We view Frazey as controlling, and conclude that Guzman cannot be held liable on the promissory note because she did not sign it.

Attorney's Fees

Guzman seeks attorney's fees under the terms of RAP 18.1 and RCW 4.84.330. The latter provision generally allows attorney's fees in an action on a contract where the contract provides for such fees.6 The promissory note in this case states that "[i]f any suit or action is instituted to collect this note or any part thereof the undersigned promise(s) and *643agree(s) to pay, in addition to the costs and disbursements provided by statute, a reasonable sum as attorney's fees in such suit or action."

Under the note's unilateral fee provision, one signing the note can be held liable for attorney's fees in an action to collect on it. Given the remedial purpose behind the enactment of RCW 4.84.330 — that unilateral attorney's fees provisions be applied bilaterally — the holder of the note can be hable as well. See Herzog Aluminum, Inc. v. General American Window Corp., 39 Wn. App. 188, 196-97, 692 P.2d 867 (1984). However, because Guzman never signed the note, the unilateral fee provision would not have entitled Mutual Security to fees from Guzman even had it prevailed. Therefore, there is no basis to award Guzman attorney's fees based on a "bilateral" application of the note's attorney fee provision.

Judgment reversed.

Webster, C.J., and Pekelis, J., concur.

Reconsideration denied March 11, 1993.

The judgment below did not name Unite and she is not a party to this appeal.
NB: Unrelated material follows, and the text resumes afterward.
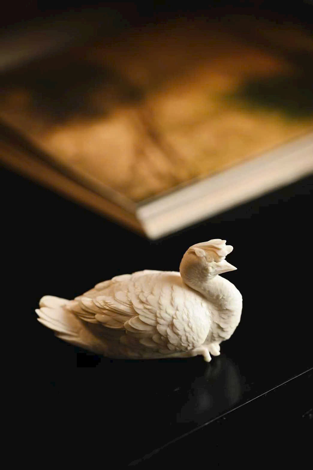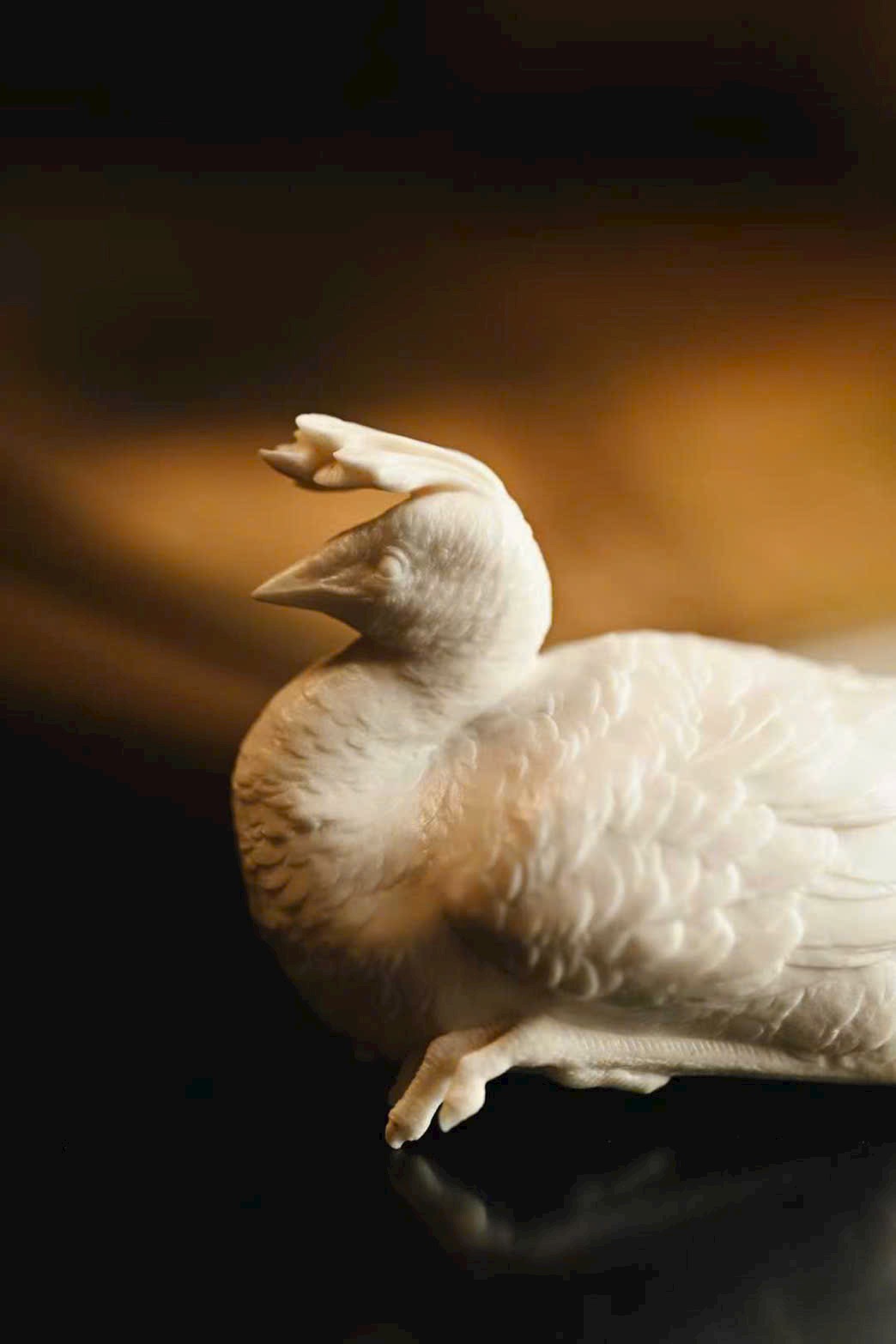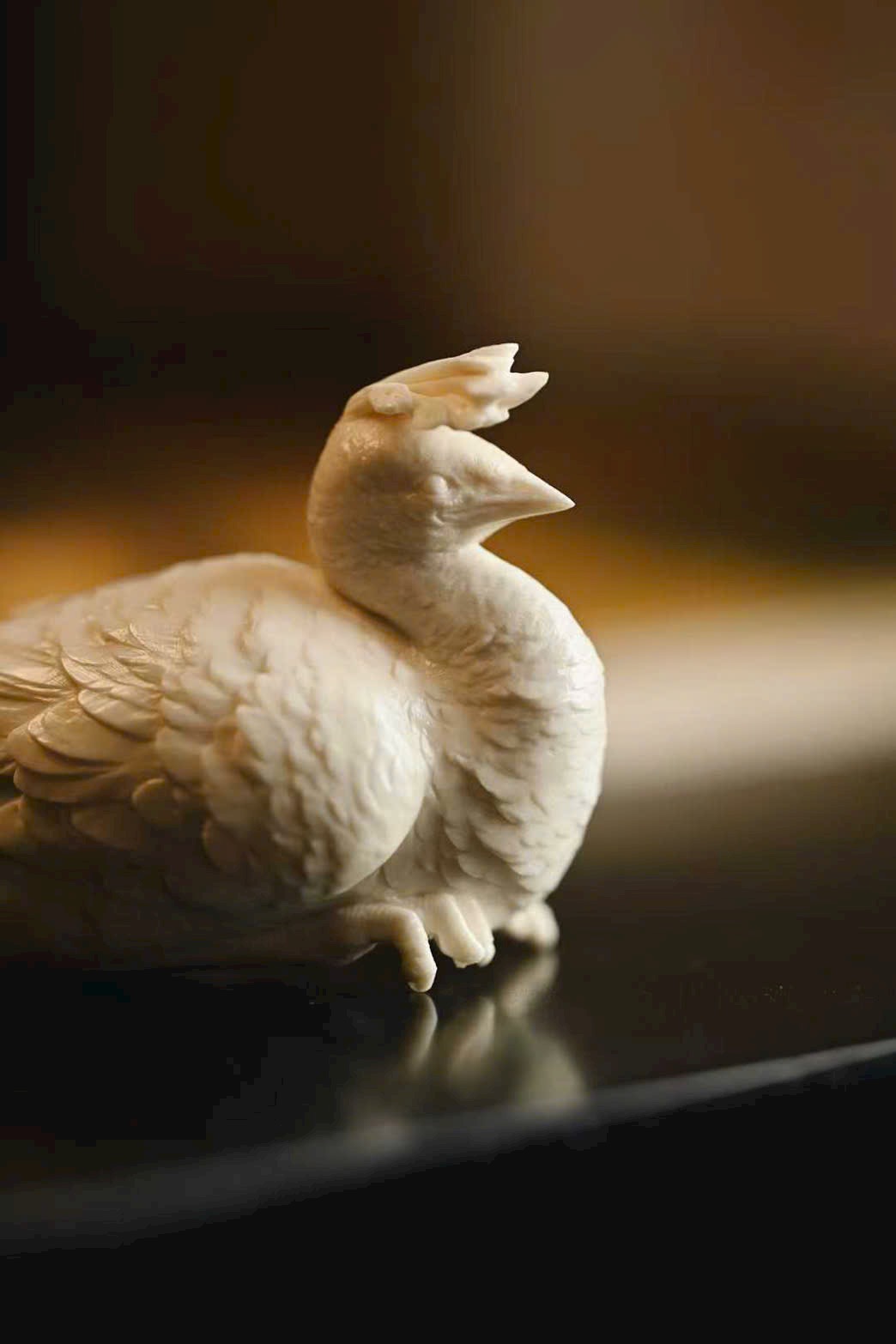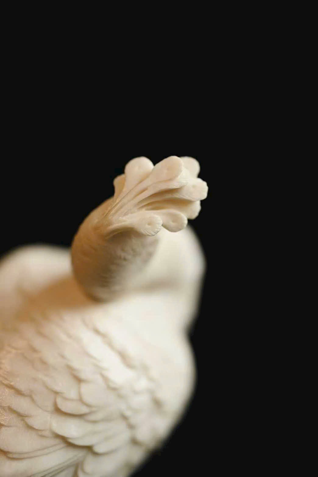 Tạo hình thẳng khỏe, vững dáng, chim công thần thái tập trung, ánh mắt kiên định, toát lên trọn vẹn vẻ cao quý. Phần đuôi lông dày mà không rối, lớp lang rõ ràng, tổng thể mang ý vị thanh nhã, đặt trên án kỷ giúp không gian thêm trang trọng, cát hòa.

Although not entirely clear from the record, we assume that at some point the note was transferred from Spokane Mortgage Company to Metmor Financial.

Mutual Security acknowledges that, after orally granting summary judgment, the trial judge did review certain documents presented by Guzman. However, Mutual Security contends, the trial court returned the documents to Guzman after determining they lacked relevance to the issues presented by the summary judgment motion.

This provision states that "[n]o person is liable on an instrument unless his signature appears thereon."

The complaint makes clear that Mutual Security's action was on the promissory note. Its complaint reads in part that "Plaintiff Mutual Security Financing is the owner and holder of the June 7, 1976, promissory note and has exercised its rights under terms and conditions of the note to accelerate the entire balance due."

RCW 4.84.330 states:

"In any action on a contract. . . where such contract. . . specifically provides that attorney's fees and costs, which are incurred to enforce the provisions of such contract . . ., shall be awarded to one of the parties, the prevailing party, whether he is the party specified in the contract ... or not, shall be entitled to reasonable attorney's fees in addition to costs and necessary disbursements."